START DATA LISTING

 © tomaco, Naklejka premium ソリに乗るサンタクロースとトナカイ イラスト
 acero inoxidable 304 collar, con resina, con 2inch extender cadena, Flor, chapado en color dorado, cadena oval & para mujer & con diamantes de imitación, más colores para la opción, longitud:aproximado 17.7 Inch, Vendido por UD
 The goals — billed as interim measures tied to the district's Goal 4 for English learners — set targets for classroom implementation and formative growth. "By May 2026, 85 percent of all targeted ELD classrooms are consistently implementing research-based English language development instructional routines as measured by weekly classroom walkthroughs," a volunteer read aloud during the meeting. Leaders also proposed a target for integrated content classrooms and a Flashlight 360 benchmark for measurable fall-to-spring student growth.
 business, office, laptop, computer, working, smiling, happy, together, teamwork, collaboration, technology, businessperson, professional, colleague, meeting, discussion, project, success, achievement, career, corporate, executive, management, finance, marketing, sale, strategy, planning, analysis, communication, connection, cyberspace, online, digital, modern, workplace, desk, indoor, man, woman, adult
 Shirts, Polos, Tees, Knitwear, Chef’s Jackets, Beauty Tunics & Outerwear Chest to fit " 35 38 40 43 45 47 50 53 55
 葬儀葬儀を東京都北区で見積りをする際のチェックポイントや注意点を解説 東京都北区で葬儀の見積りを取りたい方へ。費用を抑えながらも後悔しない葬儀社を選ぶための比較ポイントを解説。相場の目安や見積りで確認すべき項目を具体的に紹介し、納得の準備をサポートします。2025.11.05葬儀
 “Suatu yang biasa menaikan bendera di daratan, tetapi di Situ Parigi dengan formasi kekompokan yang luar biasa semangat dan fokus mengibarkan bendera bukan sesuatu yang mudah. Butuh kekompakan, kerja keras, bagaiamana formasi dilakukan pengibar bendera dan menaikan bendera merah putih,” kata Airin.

END DATA LISTING
START DATA LISTING

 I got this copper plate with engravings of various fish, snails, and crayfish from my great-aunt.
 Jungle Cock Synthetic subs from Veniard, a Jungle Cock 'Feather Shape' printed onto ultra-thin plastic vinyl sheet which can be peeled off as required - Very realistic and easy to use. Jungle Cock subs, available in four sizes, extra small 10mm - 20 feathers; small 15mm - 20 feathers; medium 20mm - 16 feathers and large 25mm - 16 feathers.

END DATA LISTING

• **HOW TO COMPLETE THIS TASK**
Copy the records above exactly, beginning at the line that contains "I got this copper" and stopping after the line that contains "Jungle Cock Synthetic".

• **OUTPUT FOR THIS TASK**
 I got this copper plate with engravings of various fish, snails, and crayfish from my great-aunt.
 Jungle Cock Synthetic subs from Veniard, a Jungle Cock 'Feather Shape' printed onto ultra-thin plastic vinyl sheet which can be peeled off as required - Very realistic and easy to use. Jungle Cock subs, available in four sizes, extra small 10mm - 20 feathers; small 15mm - 20 feathers; medium 20mm - 16 feathers and large 25mm - 16 feathers.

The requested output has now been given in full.